─── Data shown ───

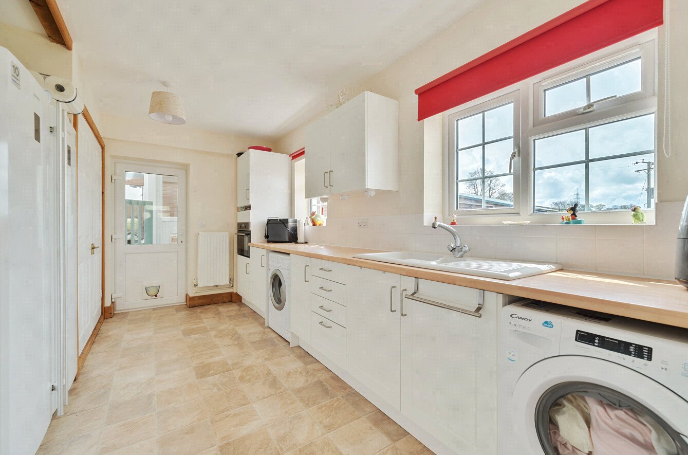 The beautifully fitted kitchen by Foremost Kitchens in 2021 offers a range of integrated Bosch appliances with induction hob, ovens, dishwasher and fridge – windows to the front command views over the front field and gardens.
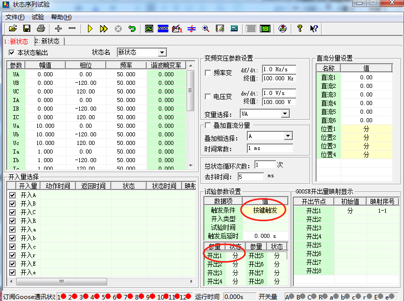 2)完成以上設置后即可在工具欄中點擊 “?”或按下鍵盤“run”鍵進行試驗,然后按“??”或“Tab”鍵觸發(fā)第一個狀態(tài),觀察智能終端裝置跳閘燈點亮,繼保之星-6000C 開入A會在狀態(tài)二的動作時間上記錄智能終端的跳閘時間,且動作時間應滿足≤7ms的要求。
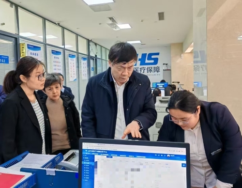 ??? 在定點醫(yī)療機構,左毅一行走進診室、病房、藥房、結算窗口,查閱相關系統(tǒng)、記錄、資料,與醫(yī)務人員、就診患者等交談,詳細了解規(guī)范診療、合理用藥、醫(yī)療服務價格、醫(yī)?;鹗褂?、集采及國談藥品配備、醫(yī)保智能監(jiān)控事前提醒等執(zhí)行落實情況,現(xiàn)場宣講政策,聽取意見建議。在當?shù)蒯t(yī)保部門,左毅一行直奔基金撥付、監(jiān)管稽核、參保繳費等科室,與有關負責人和工作人員進行交流,現(xiàn)場查看協(xié)議管理、基金撥付、稽核檢查、案件查辦、移交移送、信訪辦理等工作臺賬和文件資料,詢問了解重點任務落實情況。

───

Exercise prompt
Skipping any images, write out all the data exactly.

Completed task
 The beautifully fitted kitchen by Foremost Kitchens in 2021 offers a range of integrated Bosch appliances with induction hob, ovens, dishwasher and fridge – windows to the front command views over the front field and gardens.
 2)完成以上設置后即可在工具欄中點擊 “?”或按下鍵盤“run”鍵進行試驗,然后按“??”或“Tab”鍵觸發(fā)第一個狀態(tài),觀察智能終端裝置跳閘燈點亮,繼保之星-6000C 開入A會在狀態(tài)二的動作時間上記錄智能終端的跳閘時間,且動作時間應滿足≤7ms的要求。
 ??? 在定點醫(yī)療機構,左毅一行走進診室、病房、藥房、結算窗口,查閱相關系統(tǒng)、記錄、資料,與醫(yī)務人員、就診患者等交談,詳細了解規(guī)范診療、合理用藥、醫(yī)療服務價格、醫(yī)?;鹗褂?、集采及國談藥品配備、醫(yī)保智能監(jiān)控事前提醒等執(zhí)行落實情況,現(xiàn)場宣講政策,聽取意見建議。在當?shù)蒯t(yī)保部門,左毅一行直奔基金撥付、監(jiān)管稽核、參保繳費等科室,與有關負責人和工作人員進行交流,現(xiàn)場查看協(xié)議管理、基金撥付、稽核檢查、案件查辦、移交移送、信訪辦理等工作臺賬和文件資料,詢問了解重點任務落實情況。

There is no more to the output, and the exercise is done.